# Thai Drivers License



## doclib

I currently am in Thailand on a ED visa. I have an International Drivers license and one from my home state of Texas. A friend told me I could go to the Thai Motor Vehicle Department and get a Thai drivers license, with a minimum of fuss, essentially just fill out the form with my two (Intl & US) licenses, fill out their form and , maybe have some medical proof I can see.

Does anyone know for sure what the requirements are and if they are less stringent for an expat already having valid International and US State licenses?

Thanks.


----------



## Moolor

I am here from the us on a B visa and am not sure if a license under an ED visa would have the same requirements.

I was required to provide proof of residence, copy of passport and visa, and medical certificate. They were not interested in my international drivers license, only my license from the states. I had to prove online what class of vehicle my license allowed me to drive online and translate to Thai ( used google translate at the Thai "DMV")

Got a 1 year license .


----------



## Song_Si

Hi

some info here from the scooter thread



> Like many other things, processes may vary from province to province; suggest you get a Thai friend to telephone and confirm what your local office requires, may save a journey - be prepared!(from my exp, last 2 offices I have dealt with for licence and registration have had no English speakers)
> 
> For me, I got my first Thai car and motorcycle licences in Phuket
> 
> Required:
> 
> residency letter issued by Thai Immigration (less than 30 days old)
> medical cert - medical centres/hospitals can issue these (less than 30 days old)
> passport and copies of pages showing photo and visa
> original licence/s from home country plus copies
> 
> note that as car and motorcycle are issued as separate licences if applying for both you need an extra set of photocopies; sign every photocopy page
> 
> I had a colour-blind test, photo taken and walked out with two new one-year licences in less than one hour.


----------



## TomC

doclib said:


> I currently am in Thailand on a ED visa. I have an International Drivers license and one from my home state of Texas. A friend told me I could go to the Thai Motor Vehicle Department and get a Thai drivers license, with a minimum of fuss, essentially just fill out the form with my two (Intl & US) licenses, fill out their form and , maybe have some medical proof I can see.
> 
> Does anyone know for sure what the requirements are and if they are less stringent for an expat already having valid International and US State licenses?
> 
> Thanks.


The best way is to try. What is required also depends on who is on duty and what they know. You won't get into any trouble by trying as you're not breaking any law. All they're going to do is tell you what you need. Bring any BS paper with you, insurance, lease, whatever, just play the dumb farang. You'll be fine. Good luck.


----------



## Mweiga

TomC said:


> The best way is to try. What is required also depends on who is on duty and what they know. You won't get into any trouble by trying as you're not breaking any law. All they're going to do is tell you what you need. Bring any BS paper with you, insurance, lease, whatever, just play the dumb farang. You'll be fine. Good luck.
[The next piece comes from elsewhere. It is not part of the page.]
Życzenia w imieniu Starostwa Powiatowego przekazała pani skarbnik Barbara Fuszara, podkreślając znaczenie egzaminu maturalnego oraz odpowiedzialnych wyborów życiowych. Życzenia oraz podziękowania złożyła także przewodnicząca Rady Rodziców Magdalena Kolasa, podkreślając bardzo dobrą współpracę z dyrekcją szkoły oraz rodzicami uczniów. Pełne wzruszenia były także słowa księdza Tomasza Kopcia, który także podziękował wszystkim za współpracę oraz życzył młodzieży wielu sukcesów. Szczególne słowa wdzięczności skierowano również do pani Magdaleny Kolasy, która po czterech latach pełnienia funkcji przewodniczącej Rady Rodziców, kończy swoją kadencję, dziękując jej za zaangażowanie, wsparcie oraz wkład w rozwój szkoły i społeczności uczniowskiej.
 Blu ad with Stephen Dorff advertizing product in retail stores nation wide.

Did my licences for car / motorbike at the Pattaya vehicle licencing place and certain national licences were accepted (like EU and UK new type photo licence) plus an International Driving Permit without having to go through any tests - although for your first licence it will be only a temporary one valid for one year. 
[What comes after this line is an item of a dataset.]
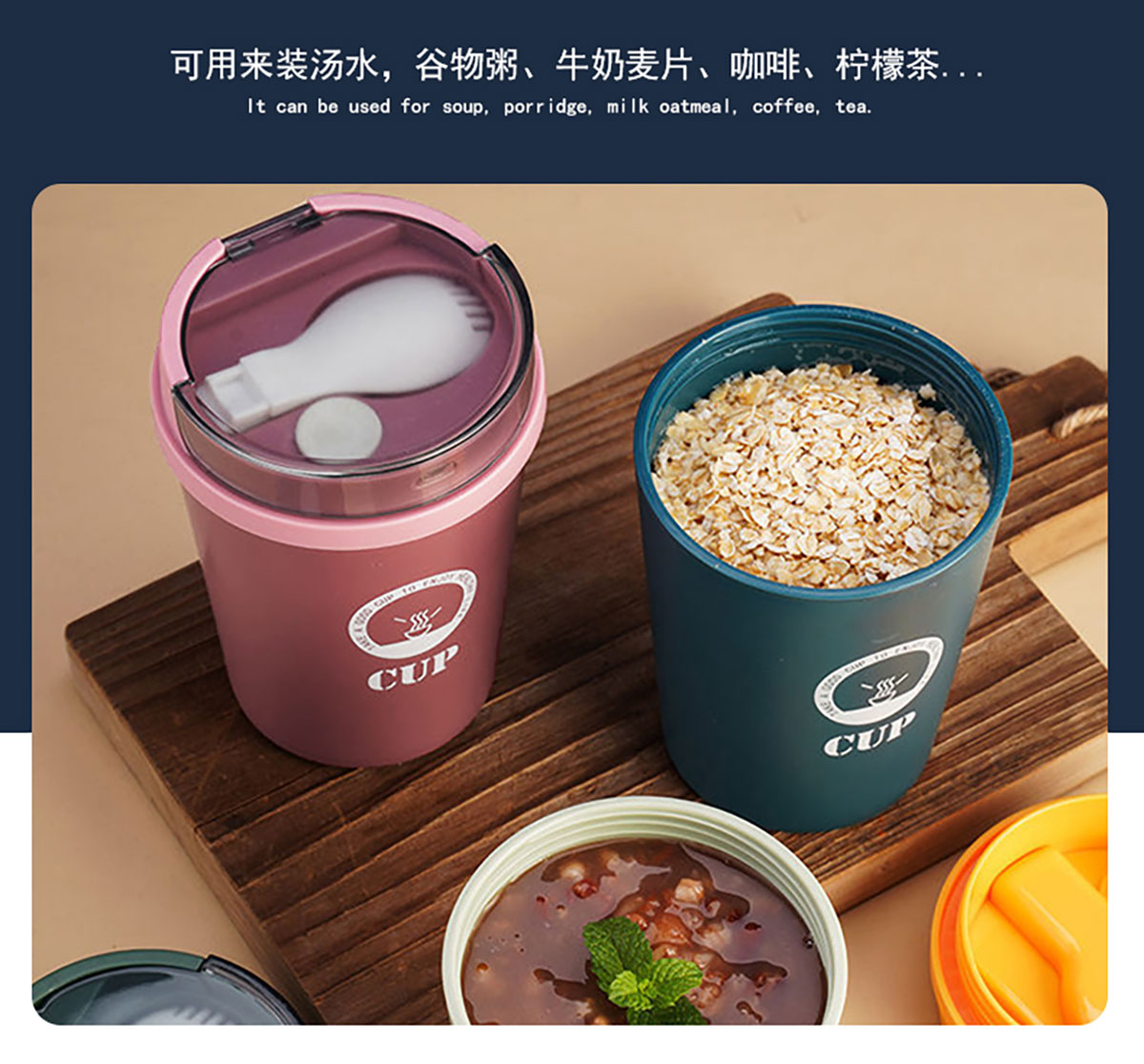 莫蘭迪帶勺早餐杯500ml
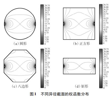 為考察不同異徑截面權(quán)函數(shù)分布的均勻性,使用上述方法對(duì)圓形、正方形、八邊形和矩形異徑截面的權(quán)函數(shù)分布進(jìn)行定性分析。為了便于對(duì)比,設(shè)置管道口徑為DN100,異徑部分截面積為3200mm2。所以,圓形異徑面半徑為32mm,正方形異徑面邊長為56.6mm,八邊形異徑面邊長為25.8mm,矩形異徑面長寬為80×40mm。仿真結(jié)果如圖1所示,為了便于對(duì)比,權(quán)函數(shù)等勢線大小從0開始,以0.25為步長遞增到30。由圖1(a)~圖1(d)可知,矩形異徑截面的權(quán)函數(shù)等勢線間距*大,即權(quán)函數(shù)變化梯度*小,權(quán)函數(shù)分布*均勻。

Other licences were not accepted , eg , old style UK licence without the photo and licences from countries about which they knew little or had never heard of - plenty of them , and in which case you have to go through the full test process (colour blindness , 3-dimensional eye coordination , reaction time , written test and driving / riding test round a course) which is pretty straightforward.
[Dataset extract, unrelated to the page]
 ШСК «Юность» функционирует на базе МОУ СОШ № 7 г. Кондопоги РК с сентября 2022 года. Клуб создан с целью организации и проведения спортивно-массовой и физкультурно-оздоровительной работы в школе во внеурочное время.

After your first year on the one year temporary licence and assuming you have a non-tourist longer term visa (eg , one year non-immigrant) , you can get a full Thai licence which is valid for 5 years.

These rules are being modified constantly so suggest you go along and check first what you need - at Pattaya centre they had a counter there just for checking what docs you had brought and to tell you what you needed if you were missing something.


----------



## TomC

Mweiga said:


> Did my licences for car / motorbike at the Pattaya vehicle licencing place ..............


Thanks for the foot-on-ground first hand experience info. I was just throwing out some ideas to help. This is what the OP needs not my WAG's. :clap2:


----------



## Overandout

Sounds like I should get a new UK licence before I move to Bangkok then..... I currently have an old paper Spanish version.....


----------



## cooked

I found the physical part of the test (Coordination, colour blind test, peripheral vision and reaction test very easy, a farce really. Don't worry about that part. After getting through these I was signed in to watch a one hour video and was yanked out 5 minutes later to get my license. That was commons sense on their part, I have been driving for 45 years. 
Difficult was ensuring that I had the papers necessary PLUS the copies. Good to have a Thai person with you for this.
I have heard of people getting a license on Tourist Visa but I can't imagine why anyone should wish to do this. However the license is generally accepted as ID and you might be able to avoid Farang prices at museums and so on.


----------



## Overandout

cooked said:


> I found the physical part of the test (Coordination, colour blind test, peripheral vision and reaction test very easy, a farce really. Don't worry about that part. After getting through these I was signed in to watch a one hour video and was yanked out 5 minutes later to get my license. That was commons sense on their part, I have been driving for 45 years.
> Difficult was ensuring that I had the papers necessary PLUS the copies. Good to have a Thai person with you for this.
> I have heard of people getting a license on Tourist Visa but I can't imagine why anyone should wish to do this. However the license is generally accepted as ID and you might be able to avoid Farang prices at museums and so on.


Thanks for the advice.

I'm really just trying to help myself by making things as easy as possible. I have just sent an enquiry to the DVLA in England about how to get a UK licence again, but it could be problematic given that I don't live there.....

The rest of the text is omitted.